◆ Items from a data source
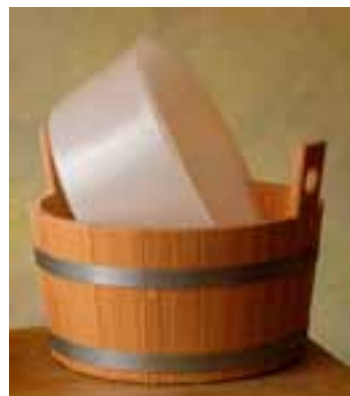
410/01 + ES FW

(*) Wir empfehlen bei naturbelassenen Fußwannen, diese vor Verwendung zu lackieren oder anderweitig vor Holzfeuchteschwankungen zu schützen (z.B. Einsatz), um zu verhindern, dass diese undicht werden.
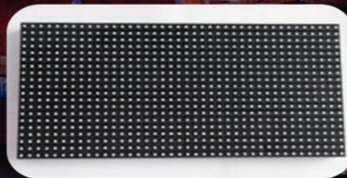
РИС. 3. ВИД МОДУЛЯ P8 ММ.
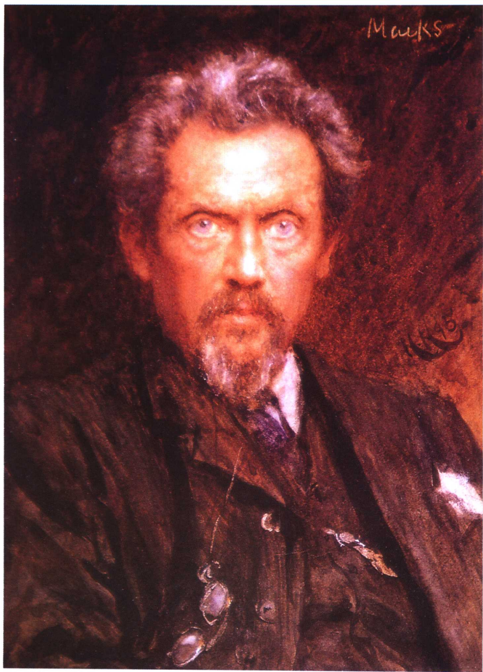
斯太塞·马克斯的肖像 霍勃特·温·荷科梅尔 备注：水彩树胶及刀刮
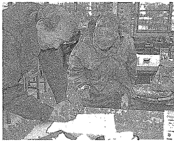
お客さんに200万署名をお願いする、 るみばあちゃん＝高松市
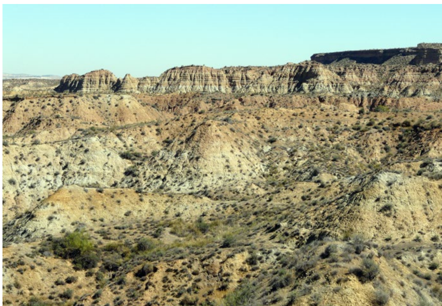
Fig. 1. Detalle del paisaje actual de la cuenca de Guadix en el término municipal de Fonelas (Granada). Las unidades expuestas en las cárcavas corresponden a parte del relleno sedimentario del Pleistoceno inferior.

El yacimiento de Fonelas P-1, enclavado a 2,5 kilómetros del municipio que le da nombre, constituye hoy día uno de los referentes paleontológicos en el Viejo Mundo sobre los grandes mamíferos que vivieron en Europa durante el Pleistoceno inferior basal (hace 2 millones de años). Su excelente registro fósil ha permitido cambiar la idea que se tenía sobre este momento del pasado y aportar valiosa información sobre
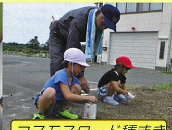
コスモスロード種まき
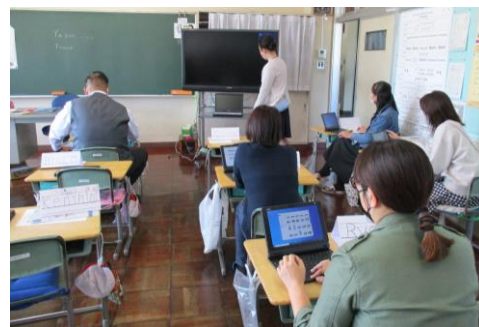
保護者の方もタブレット操作に挑戦
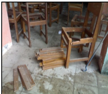
Gambar 2. Tumpukan Kayu bekas kursi, meja, dll

Tumpukan kayu bekas ini telah menginspirasi penulis sehingga tercipta satu unit melodi musik kolintang melalui program pengabdian kepada masyarakat, memberi penegasan bahwa sesuatu yang sudah terkategori limbah sekalipun, jika dikreasi secara positif akan dapat memberi manfaat yang besar dan luar biasa.

◆ Problem to solve
Retype every record as it stands. None of the pictures should appear.

◆ Response
410/01 + ES FW

(*) Wir empfehlen bei naturbelassenen Fußwannen, diese vor Verwendung zu lackieren oder anderweitig vor Holzfeuchteschwankungen zu schützen (z.B. Einsatz), um zu verhindern, dass diese undicht werden.
РИС. 3. ВИД МОДУЛЯ P8 ММ.
斯太塞·马克斯的肖像 霍勃特·温·荷科梅尔 备注：水彩树胶及刀刮
お客さんに200万署名をお願いする、 るみばあちゃん＝高松市
Fig. 1. Detalle del paisaje actual de la cuenca de Guadix en el término municipal de Fonelas (Granada). Las unidades expuestas en las cárcavas corresponden a parte del relleno sedimentario del Pleistoceno inferior.

El yacimiento de Fonelas P-1, enclavado a 2,5 kilómetros del municipio que le da nombre, constituye hoy día uno de los referentes paleontológicos en el Viejo Mundo sobre los grandes mamíferos que vivieron en Europa durante el Pleistoceno inferior basal (hace 2 millones de años). Su excelente registro fósil ha permitido cambiar la idea que se tenía sobre este momento del pasado y aportar valiosa información sobre
コスモスロード種まき
保護者の方もタブレット操作に挑戦
Gambar 2. Tumpukan Kayu bekas kursi, meja, dll

Tumpukan kayu bekas ini telah menginspirasi penulis sehingga tercipta satu unit melodi musik kolintang melalui program pengabdian kepada masyarakat, memberi penegasan bahwa sesuatu yang sudah terkategori limbah sekalipun, jika dikreasi secara positif akan dapat memberi manfaat yang besar dan luar biasa.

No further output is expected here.